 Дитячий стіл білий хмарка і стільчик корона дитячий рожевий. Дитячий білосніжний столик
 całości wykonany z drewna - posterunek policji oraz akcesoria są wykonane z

---

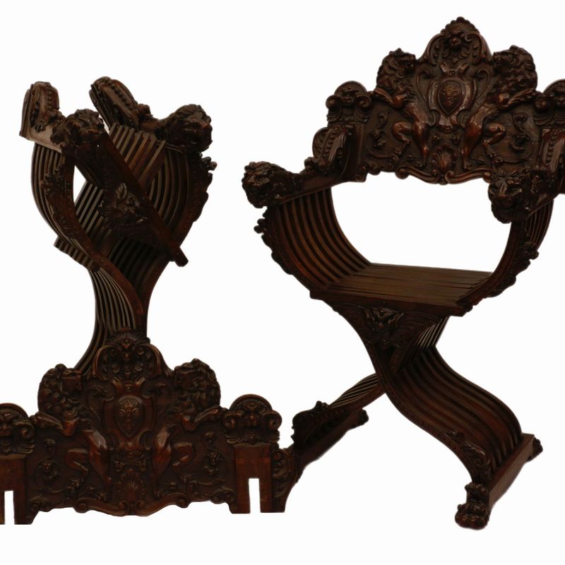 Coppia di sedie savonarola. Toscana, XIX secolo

(Try it): Return exactly the lines above from the line that has "Дитячий стіл білий" through the line that has "całości wykonany z", inclusive, and nothing else.

(Answer area):
 Дитячий стіл білий хмарка і стільчик корона дитячий рожевий. Дитячий білосніжний столик
 całości wykonany z drewna - posterunek policji oraz akcesoria są wykonane z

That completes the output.